Deep Voice by Baidu Labs (Summary by: Ricardo Reimao)

Original Paper: https://arxiv.org/abs/1702.07825

Researchers from the Baidu Labs published in early 2017 a paper about their project called DeepVoice. This project aims to create a production-level end-to-end solution for Text-To-Speech (TTS). The key point of the DeepVoice is that it doesn’t require any specialist knowledge during the training/inference process, and that the solution is able to generate audio in real-time.

DeepVoice breaks down the TTS problem into five models:

Grapheme-to-phoneme model, responsible for converting written text (eg. English, Chinese, etc) into phonemes. This is helpful as in the majority of the languages, the same sequence of characters may produce different sounds based on the surrounding characters. As example, in the words “Frost” (Phoneme: frôst) and “Roast” (Phoneme: rōst), the sequence “ro” have totally different sounds, therefore, different phonemes are used in each word.
Segmentation model, utilized only during the training phase, is responsible for finding the start and ending of phonemes in an audio.
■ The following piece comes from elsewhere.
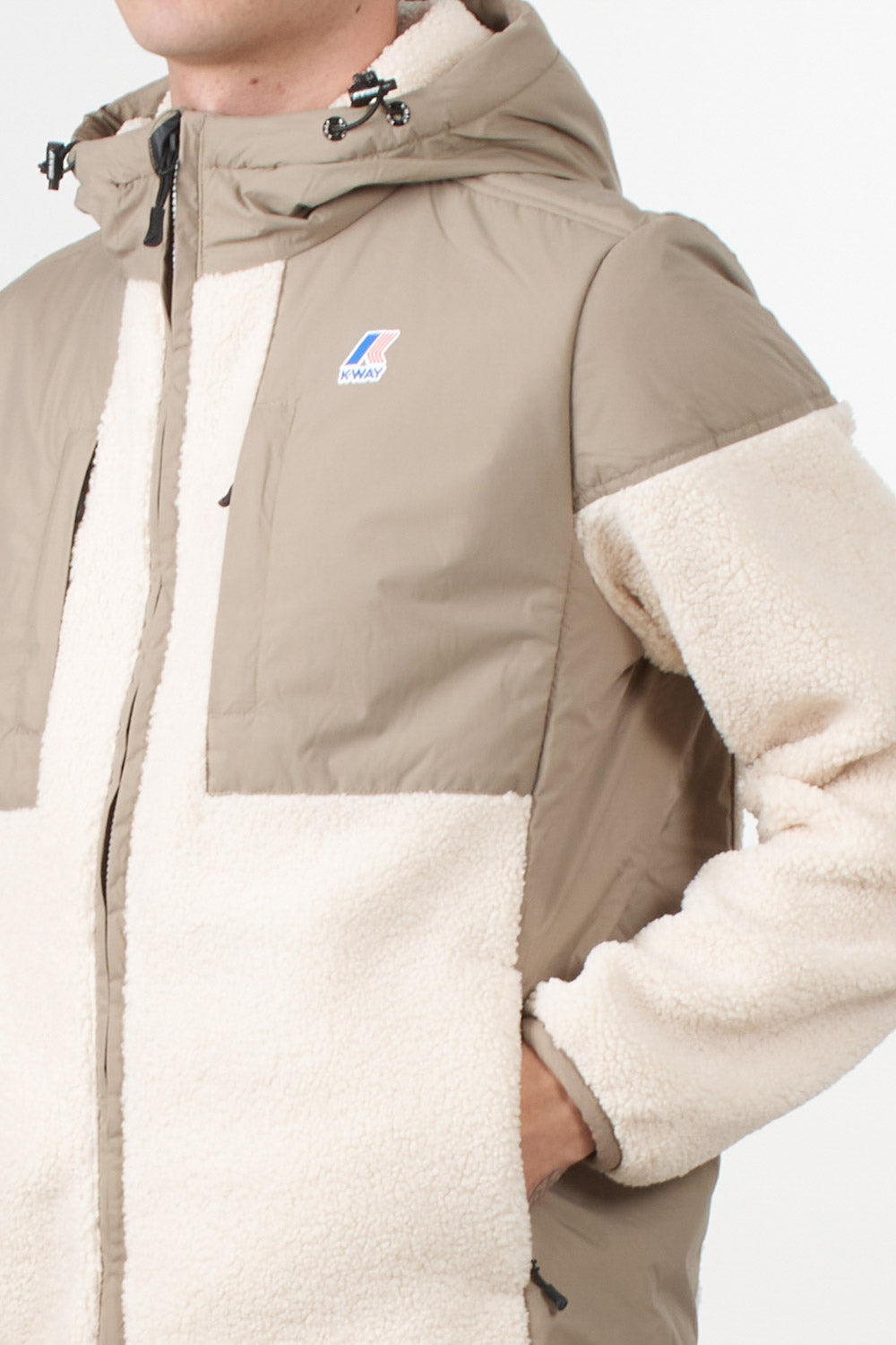 Giacca corta dal look contemporaneo e funzionale, pensata per affrontare le stagioni intermedie e i primi freddi. Realizzata in morbido tessuto effetto sherpa con inserti in nylon micro ripstop riciclato, combina calore, traspirabilità e resistenza all’acqua. L’interno è imbottito in fibra PrimaLoft®, leggera e altamente isolante, che garantisce comfort termico senza appesantire. Il design è completato da cappuccio regolabile, chiusura con zip e tasche multiple con chiusura a zip per la massima praticità.

Once the start-end is found, the audio is isolated so the neural network is able to learn the sound for the exact phoneme.
Phoneme duration model, responsible for determining the duration of a phoneme. This is helpful to generate natural-sounding audio, since the same phoneme can have different duration depending on the word, or even on the context of the phrase. As an example, the “mo” in the words “model” and “more” have different duration: in the first one, it’s a short sound, while in the second, it’s a longer sound.
Fundamental frequence model, responsible for predicting the intonation of a phoneme. This is also very important on generating natural-sounding audio, since in the majority of the languages there are phonemes in words that are not pronounced. As an example, in the word “island”, the “s” is mute and should not be pronounced.
Audio synthesis model, responsible for generating audio signal based on the phoneme, duration and fundamental-frequency. This model is heavily based on the WaveNet project, however it implements several improvements that allows the audio generation to be done in real-time.

The majority of the previous works on the machine learning field only implemented one or two of those models and relied in specialist-engineered solutions for the other parts of the TTS. However, the problem with relying on specialists is that it may take weeks to fine tune the parameters and find a natural-sounding voice. In the deep-voice project, all the five components are implemented using neural networks models, which requires minimal specialist effort. According to the publication, those machine-learning models have similar or better performance than the traditional non-machine learning methods.

Another key contribution of the paper is the fact that the authors share a good amount of details on how this architecture can be implemented to maximize the performance over CPU and/or GPU. The authors compare the execution using several parallelization methods and propose an implementation with impressive results. As comparison, the authors claim that the inference in DeepVoice is 400 times faster than WaveNet.